The spindle 74 of the mechanical counter is mounted on the outer surface of the spring housing. The end of the spindle facing the upper shroud portion is a drive pinion 75. The slide 76 is mounted on the spindle.

The nebulizers described above are suitable for nebulizing aerosol formulations of the present invention to produce aerosols suitable for inhalation.

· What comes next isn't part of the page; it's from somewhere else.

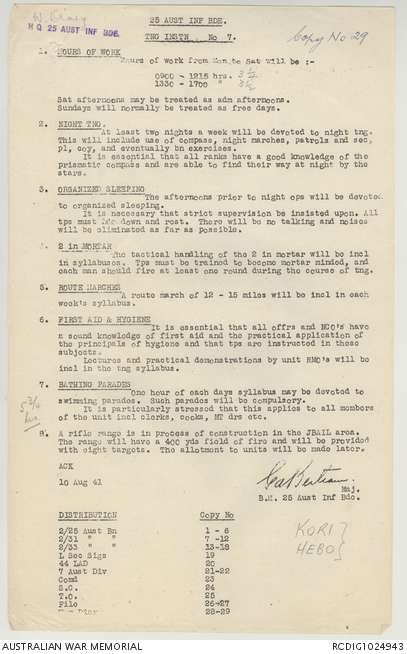 The 25th Australian Infantry Brigade’s Training Instruction no. 7, issued on 10 August gives more details about route marches, night training and bathing parades:

The effectiveness of nebulizers can be tested using an experimental system, where the protein solution is first nebulized and the spray is collected in a so-called "trap" (see figure 1). The activity of the protein in the aerosol reservoir (a) is compared to the activity of the collected liquid (b), for example by immunoassay or using a protein bioavailability assay. This experiment allows the assessment of protein damage in the spray method. The second variable in aerosol mass is the so-called "inhalation ratio", defined herein as the ratio of misty droplets having a Measured Mean Aerodynamic Diameter (MMAD) of less than 5.8 microns. The suction ratio can be measured using an Andersen Impactor (Andersen Impactor). For good protein absorption, it is important not only to achieve nebulization without any substantial loss of activity but also to produce aerosols with a good proportion of inhalability (about 60%). Aerosols with MMAD less than 5.8 microns are significantly better suited to reach the alveoli where the chance of absorption is significantly increased. The effectiveness of the aerosolization device may also be tested in vivo systems; factors such as sensitivity to pulmonary proteases may also have an effect in this case. As an example of an in vivo test system, a protein-containing mist is administered to a dog through an endotracheal tube. Blood samples are taken at appropriate time intervals and the protein content of the plasma is measured immunologically or biologically.

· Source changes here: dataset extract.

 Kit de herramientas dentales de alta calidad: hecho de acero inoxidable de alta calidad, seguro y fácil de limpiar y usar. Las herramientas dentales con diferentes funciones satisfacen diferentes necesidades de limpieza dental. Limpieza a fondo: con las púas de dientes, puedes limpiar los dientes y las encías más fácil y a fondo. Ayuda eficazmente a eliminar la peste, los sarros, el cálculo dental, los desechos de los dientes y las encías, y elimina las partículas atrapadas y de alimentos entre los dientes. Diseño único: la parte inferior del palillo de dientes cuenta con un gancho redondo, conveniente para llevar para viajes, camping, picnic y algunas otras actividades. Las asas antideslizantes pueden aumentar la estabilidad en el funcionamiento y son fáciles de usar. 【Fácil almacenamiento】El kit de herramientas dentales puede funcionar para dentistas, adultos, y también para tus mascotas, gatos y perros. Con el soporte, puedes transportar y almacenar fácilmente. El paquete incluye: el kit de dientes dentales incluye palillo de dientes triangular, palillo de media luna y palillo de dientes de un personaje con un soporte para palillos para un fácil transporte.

Suitable nebulizers are described in the above-mentioned US 5,497,944 and WO97/12687, in particular as shown in FIG. 6a/b (in this patent application FIG. 4 a/b). A preferred nozzle device for atomizing aqueous aerosol formulations of the biologically active macromolecules of this invention is shown in figure 8 of the U.S. patent.

Surprisingly, it has been found that the above propellant-free nebuliser can deliver aerosol formulations in predetermined quantities, for example 15 microlitres, at high pressures of 100 to 500 bar, through at least one nozzle with a hydraulic diameter of 1-12 microlitres, to produce inhalable droplets with a mean particle size of less than about 10 micrometres, which is suitable for nebulising aqueous aerosol formulations of proteins and other large molecules, since it can nebulise a wide range of proteins without any significant loss of activity. The nozzle arrangement shown in figure 8 of the above mentioned us patent is preferred. It is particularly surprising that the ability of such a nebulizer to nebulize interferon results in a significant loss of activity during nebulization by other means. The particularly high activity of interferon omega after nebulization with this device is also surprising, whether in vitro or in vivo.

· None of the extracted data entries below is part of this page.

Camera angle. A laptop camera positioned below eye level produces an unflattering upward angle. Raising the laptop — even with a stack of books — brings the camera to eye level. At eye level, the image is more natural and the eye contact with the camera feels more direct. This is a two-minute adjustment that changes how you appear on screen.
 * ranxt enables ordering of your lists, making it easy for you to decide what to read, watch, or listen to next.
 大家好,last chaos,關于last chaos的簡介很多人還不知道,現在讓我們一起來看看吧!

Another advantage of the present invention is its surprising ability to atomize even high concentration solutions of biologically active macromolecules without any substantial loss of activity. The use of a highly concentrated solution allows the device to be small enough to be carried comfortably, often in a coat pocket or handbag. The nebulizer disclosed in figure 4 can meet these needs and can be used to nebulize highly concentrated solutions of biologically active macromolecules.

For example, such devices are particularly suitable for diabetic patients to self-treat by inhaling insulin. Preferably, highly concentrated aqueous solutions containing from 20 to 90 mg/ml of insulin are used, more preferably solutions containing from 30 to 60mg/ml of insulin, especially solutions containing from 33 to 40mg/ml of insulin. Depending on the size of the reservoir available in the nebulizer, the concentration of the insulin-containing solution is greater than 25mg/ml, preferably 30mg/ml, and a therapeutically effective amount of insulin is suitable for inhalation from the handheld device described above. The administration of insulin by inhalation enables the active substance to begin its action rapidly, enabling the patient to treat himself at the desired amount before, for example, a meal. Such as Respimat^The small size of the device allows patients to carry the device from time to time.

Respimat^(fig. 6 of WO 97/12867) has a fixed volume dosing chamber allowing the patient to determine the number of sprays and inhale the required dose of insulin. In addition to the number of sprays, the insulin dosage is also determined by the concentration of the insulin solution in the reservoir 72. Higher concentration solutions, such as between 25 and 90 mg/ml, greater than about 30mg/ml, may be preferred.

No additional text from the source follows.